How To Reach The Masses” is one question on the minds of 2.4 billion believers.  Good people across “the nation” and around the world are sick and tired of being sick and tired. Good news is, there is a balm.

HEALING THE SOUL OF AMERICA will require sustainable information infrastructure. When you explore information infrastructure projects such as the Underground Railroad and the Trail of Tears, it’s not hard to see where $2 trillion in infrastructure spending might be needed most.  

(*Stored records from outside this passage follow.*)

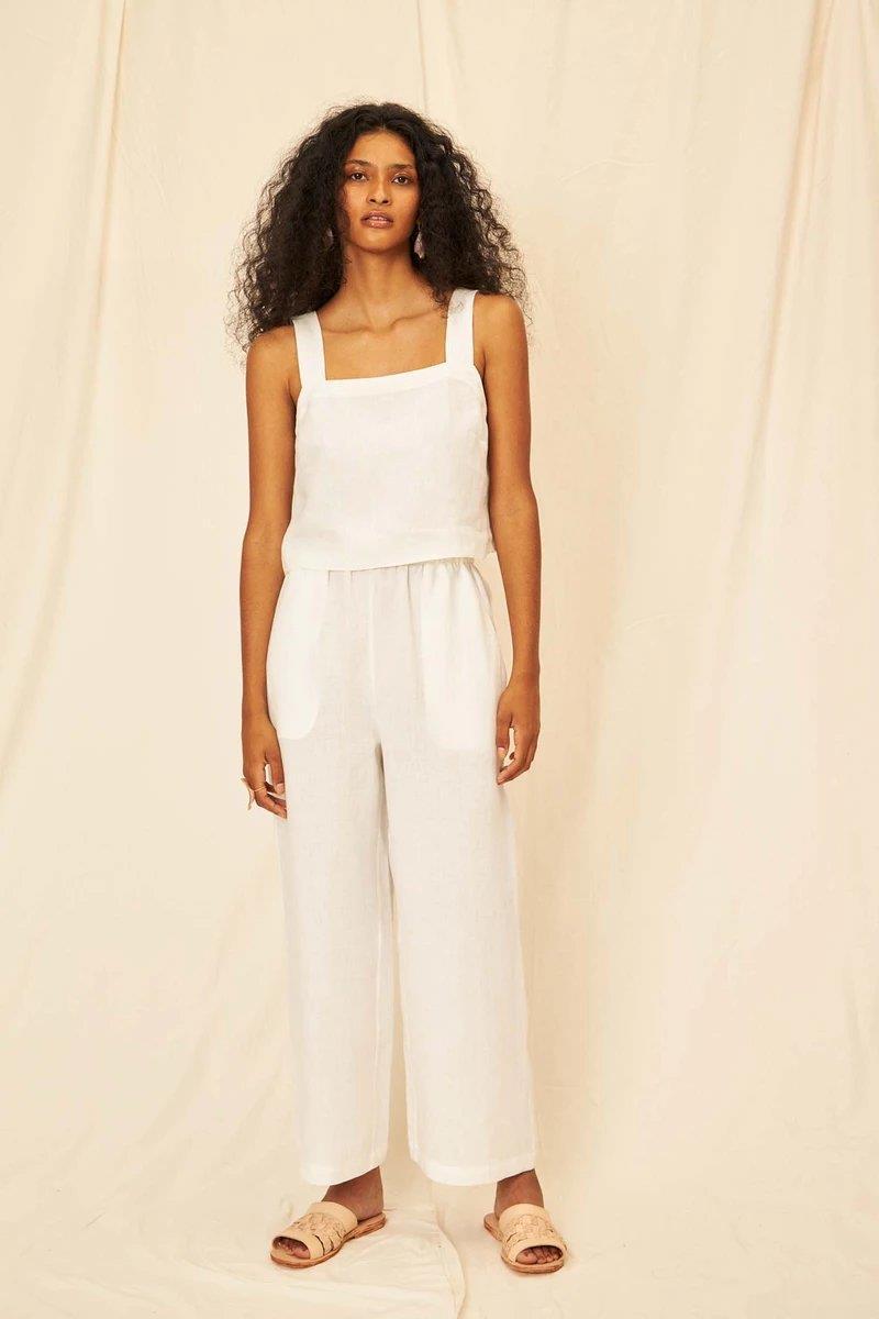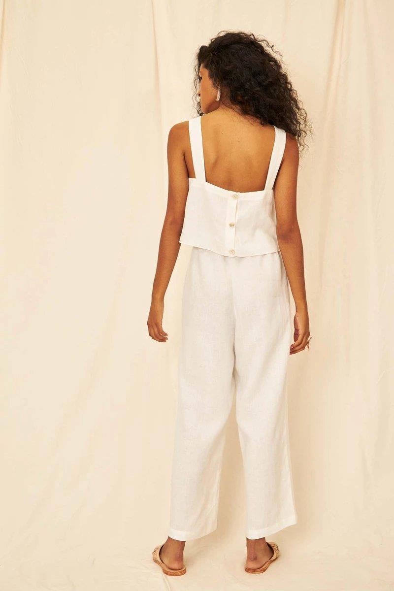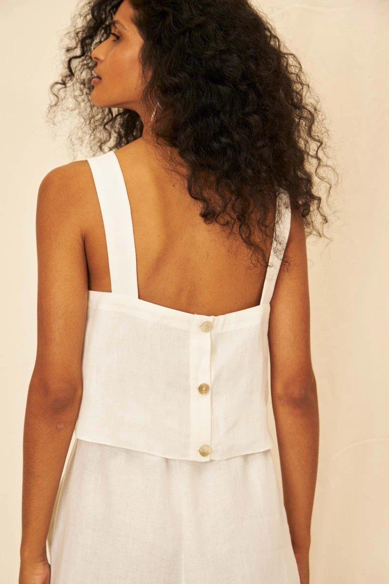 Straight blouse, shorter model, wide straps, straight front neckline, with back closure and mother-of-pearl buttons. Made from 100% linen, a naturally sustainable fibre that does not require the use of pesticides or irrigation water.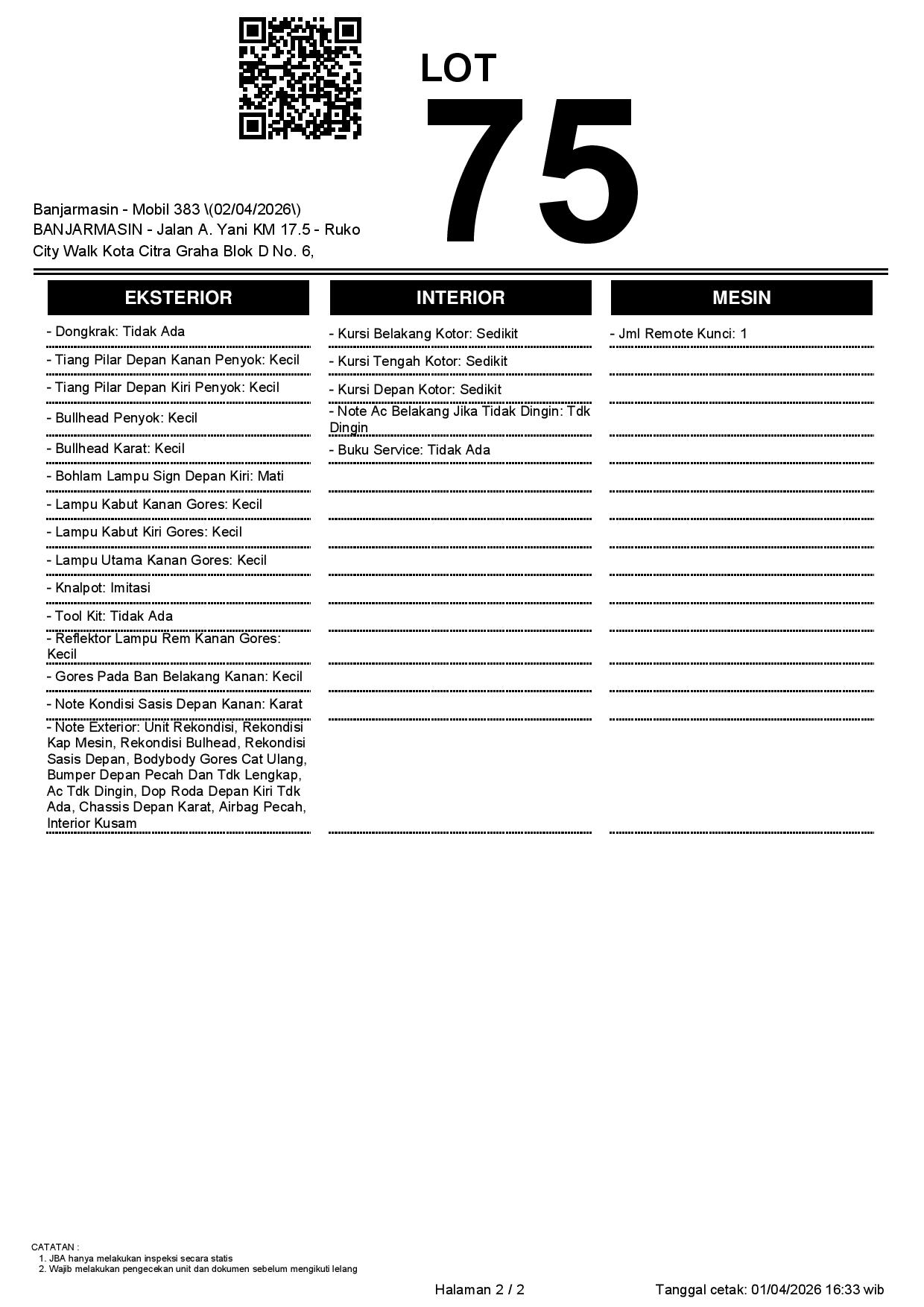 2. Peserta lelang wajib cek unit & dokumen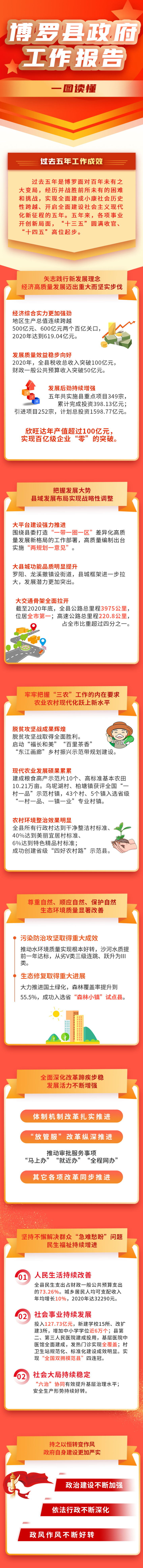 11月16日上午,博羅縣十七屆人大一次會議開幕,博羅縣委副書記、縣長邱志彪代表縣人民政府向大會作政府工作報告。報告中既回顧了過去五年的發展成果,也描繪了未來五年的美好藍圖。過去五年,博羅取得了哪些令人矚目的成績?未來五年有哪些目標?這些目標又將如何實現?我們帶您一圖讀懂。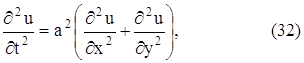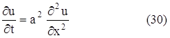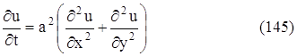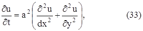- уравнение распространения тепла на плоскости. Если рассматривается распространения тепла в плоской области D с границей С, то граничные условия, аналогично (143) и (144), формулируются так: u (x, y, 0) = φ (x, y), u(М, t) = ψ (М, t), где φ и ψ – заданные функции, М – точка границы С. Если же функция u не зависит ни от z, ни от y, то получаем уравнение
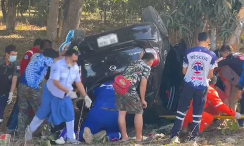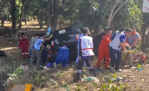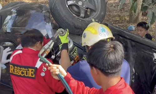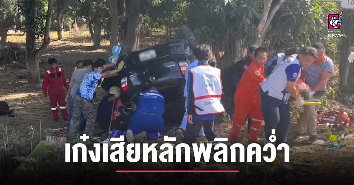 โดยเมื่อมาถึง พบว่ามีรถยนต์เก๋งนิสสัน มาร์ช สีดำ หมายเลขทะเบียน ขธ 16XX เชียงใหม่ สภาพพลิกคว่ำ พังเสียหายยับเยินอยู่ริมทางห่างจากเสาไฟฟ้าไปเพียง 5 เมตรเท่านั้น ตรวจสอบภายในรถพบผู้ได้รับบาดเจ็บ ทั้งหมด 4 คน ทางเจ้าหน้าที่ได้เร่งเข้าดำเนินการนำอุปกรณ์ปฐมพยาบาลเข้าช่วยเหลือ และดำเนินการเคลื่อนย้ายผู้บาดเจ็บทั้งหมดส่งโรงพยาบาลโดยด่วน
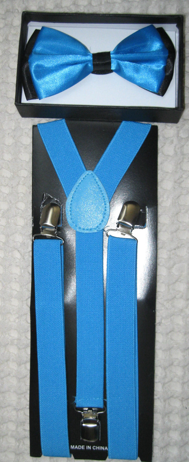 - UNISEX FASHION FRENCH BLUE WITH BLACK END TIPS TUXEDO ADJUSTABLE ALL POLYESTER SILK BOW TIE-NEW IN FACTORY BOX AND SOLID FRENCH BLUE ADJUSTABLE SUSPENDERS COMBO!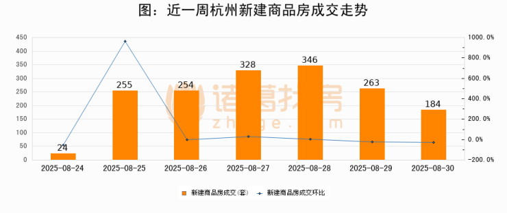【杭州成交日报】08月30日新房成交184套、二手房203套;涨价房源26套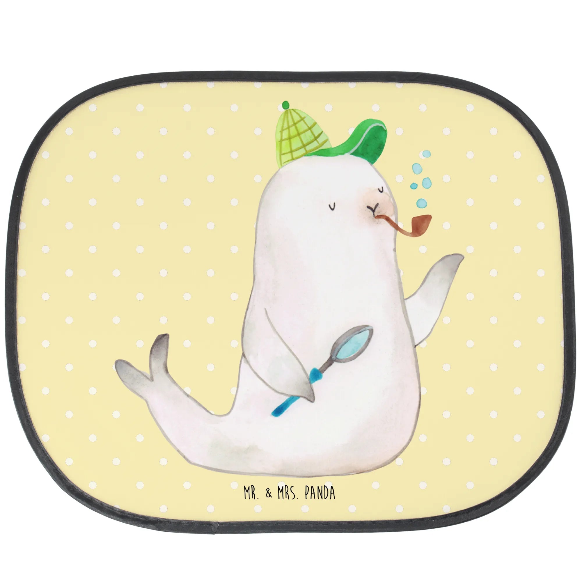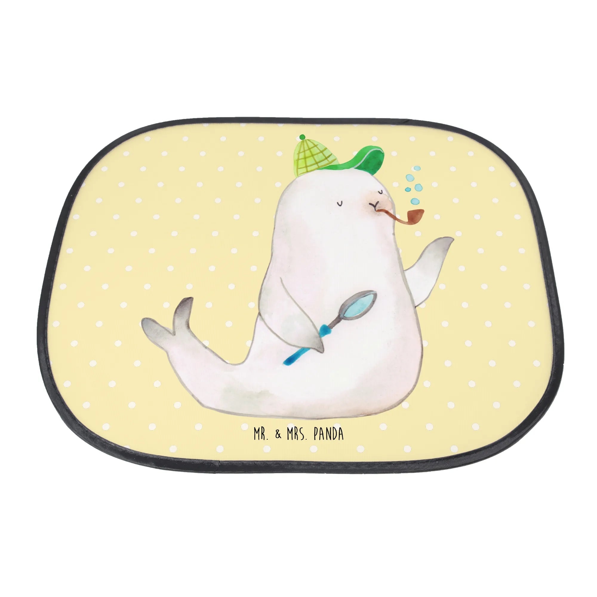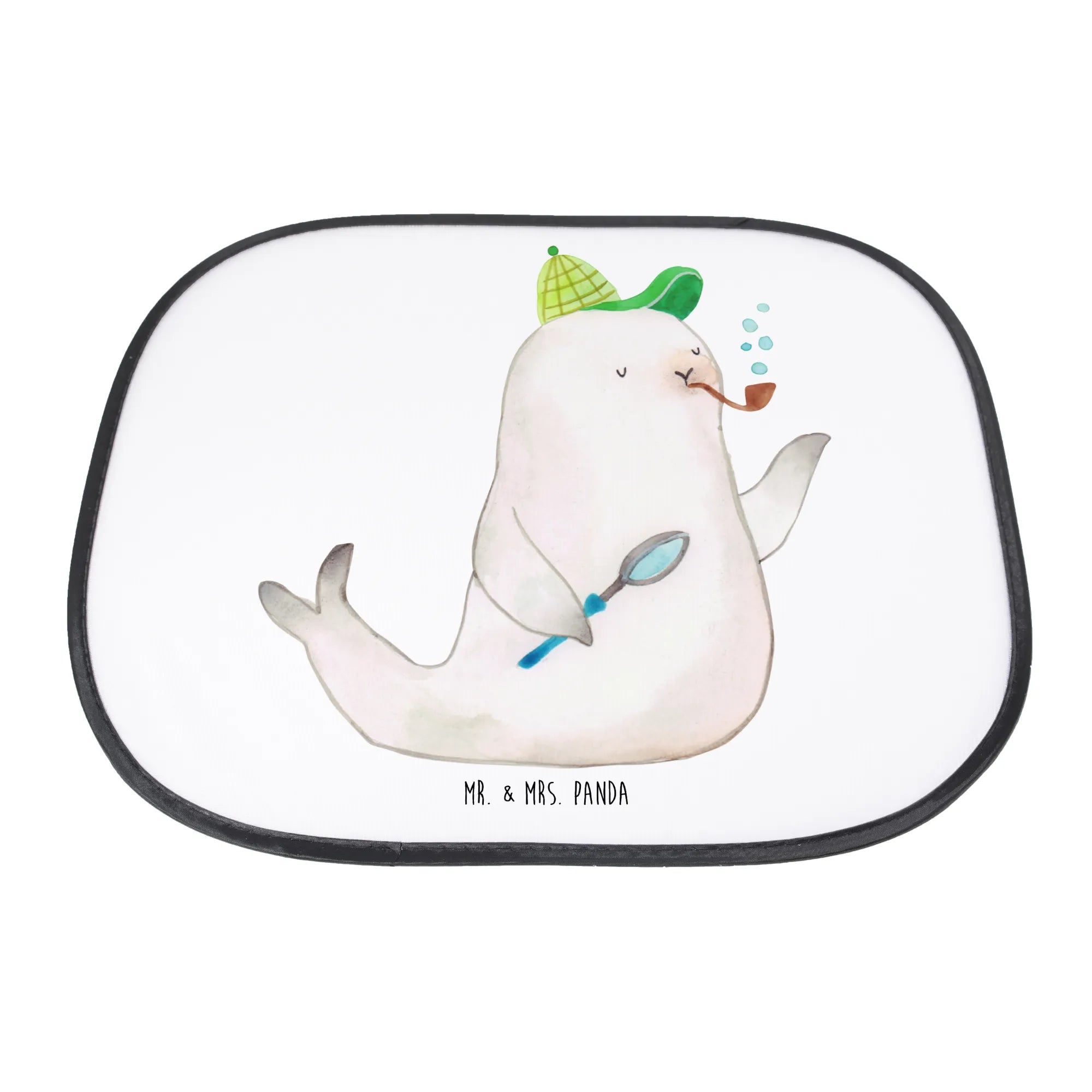 Ein wunderschöner Sonnenschutz fürs Auto von Mr. & Mrs. Panda: Die Robbe Sherlock aus der Small World-Kollektion kombiniert liebevolles Design mit praktischem Nutzen. Dieser seitliche Sonnenschutz ist ideal als Sonnenschutz Auto und Hitzeschutz Auto und schützt vor greller Sonne und unangenehmer Hitzeentwicklung.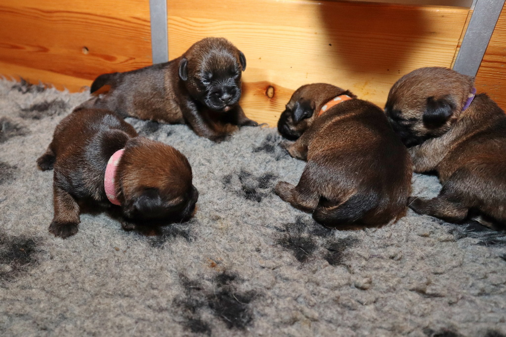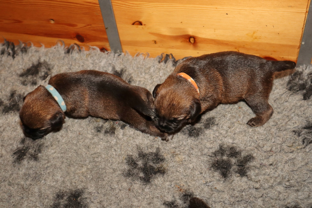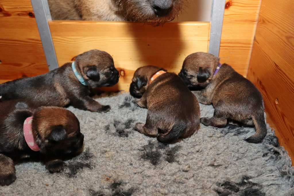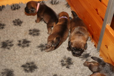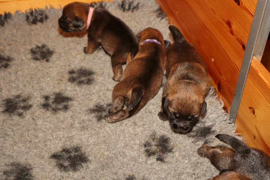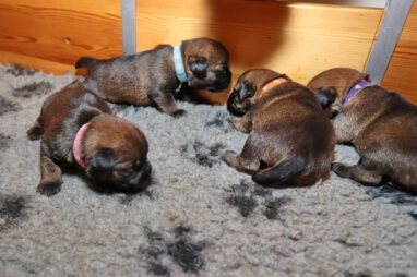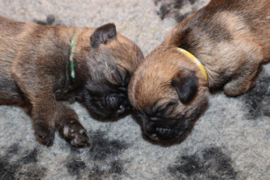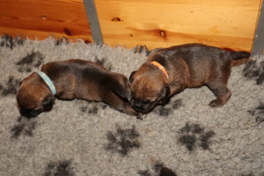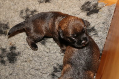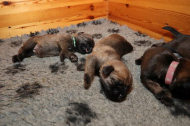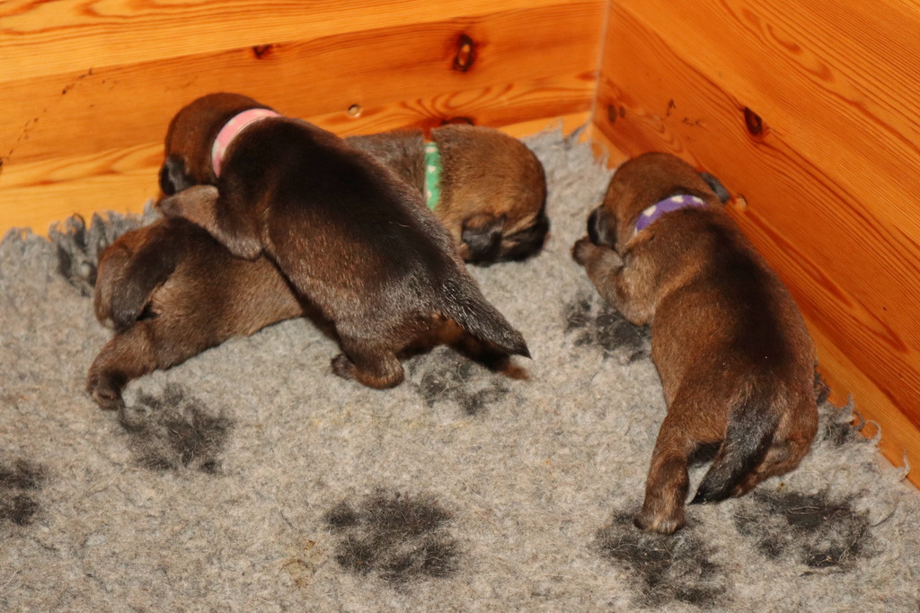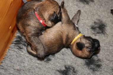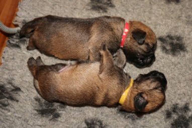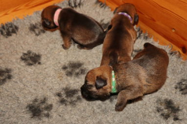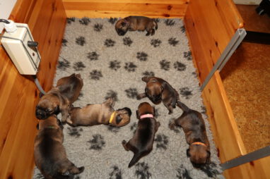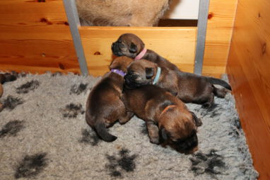 De pups drinken zo/n beetje elke twee uur bij Jane. Jane heeft gelukkig 8 goed werkende tepels, dus de pups hebben genoeg keuze. Jane komt ze vaak wakker porren, waarna de pups gelijk met z’n allen “aanvallen”. Het duurt soms even voordat ze allemaal een tepel te pakken hebben en ook nog een beetje lekker liggen. Daarbij kunnen ze de meest vreemde houdingen aannemen.

The Black Church was “born in protest against slavery – against dehumanization of African people, brought to the American continent as labor,” according to The Right Reverend Adam J. Richardson, senior bishop of the African Methodist Episcopal Church, Inc.  The Black Church was unique in that, “It rejected the negative theological interpretations which rendered persons of African descent second class citizens,” stated Richardson. “Theirs was a theological declaration that God is God all the time and for every body.”   Let’s be real. Not every body trusts the government.  Perhaps that’s why “Everybody” hasn’t gotten a COVID-19 shot.

A. J. Richardson is the 115th elected, consecrated bishop of a unique body of believers in 39 countries on five continents.  The terms, “every” and “body” does not necessarily mean the same as “everybody.” The Black church, regardless of denomination, carries out the spirit of the original Free African Society which values any “body” as a whole “somebody.”

Common vision for the future of Black Wall Street, Tulsa, OK means understanding provisions for #EconomicSecurity.  A “Meeple of Muscogee” may have been a vision of a whole “somebody” once valued as a minority.  

By declaration, the constitution of the Muscogee (Creek) Nation, provides for a new reality in Tulsa, and perhaps a cornerstone for a 21st Century community of whole believers.  “Under the guidance of the Almighty God, our Creator, #WeThePeople of Muscogee, do promote Unity, to establish Justice, and secure to ourselves and our children the blessings of Freedom, to preserve our basic Rights and Heritage, to strengthen and preserve self and local Government, in continued relations with the United States of America, do ordain and establish this Constitution for the Muscogee (Creek) Nation.